Boy: Do you like my costume? I'm supposed to be Justin Bieber!
Corpsey thing: I hate Justin Bieber.. sounds like a little girl!
Boy: You're SO MEAN! *starts to bawl like a little girl*
Corpsey thing: Yes almost exactly like that, just in a more singing fashion.


----------



## halloween_sucks_in_the_uk

Recently Deceased said:


> "No, I'm not Michael Jackson...and yes you are too old for me..."
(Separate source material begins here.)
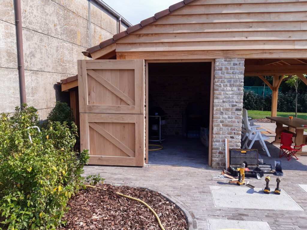 Voor dit project hebben we een bijgebouw geplaatst met een combinatie van eiken en larikshout. De stevige eiken structuur zorgt voor een robuuste basis, terwijl lariks als bekleding een warme en natuurlijke uitstraling biedt. Een duurzame oplossing die mooi aansluit bij de omgeving.

lol ...I nearly choked on my cup of tea, very funny


----------



## BooBoo

If you love someone then let them go, if they come back then it was ment to be.


----------



## Pumpkinhead625

"Is that your breath, or did someone fart in here???"


----------



## BooBoo

... And that's what getting your salad tossed is in Prison is like, but only you'll have the makeup on & they'll be 5 or 6 people waiting their turn.


----------



## BooBoo

Keep telling yourself, it's only milk...it's only milk.


----------



## BooBoo

Sorry, I can't come up with them all at once.
I couldn't put the two together, untill you said your new girl friends
name was Bobbit.


----------



## BooBoo

Sorry to disappointment you. I know from a distance I look like the singer from the Cure, but no ... I'm not.


----------



## DannyDanger

great captions guys! keep em coming! heres another pic to caption. U can still caption the first pic too. just "quote" it.


----------



## BooBoo

Just called to let you know the state of things. Bloody good.


----------



## BooBoo

You say you had some problems when you switched to a real plane.


----------



## BooBoo

Dude I just made it with your girl friend in a Empire State Building costume. Well I just murdered your girls friend in the Empire State Building, Ironic Huh.


----------



## BooBoo

Ok your my last life line & I have 15 sec. & this is for 1 Million Dollars. What movie stars Fay Wray & clues Burger .... & Donkey .... ? Who's this


----------



## BooBoo

This is not a caption. No one is biting at this one, send us another one. Please!!!


----------



## BooBoo

Ok, one more on this one. With this hat I can tell the future. You'll be in " Blade Trinity " but unlike the star you'll pay your taxes.


----------



## DeadED

DannyDanger said:


> First pic from Hocus Pocus.


Awww Mister Grumpy pants. Does somebody need a hug?


----------



## DeadED

DannyDanger said:


> great captions guys! keep em coming! heres another pic to caption. U can still caption the first pic too. just "quote" it.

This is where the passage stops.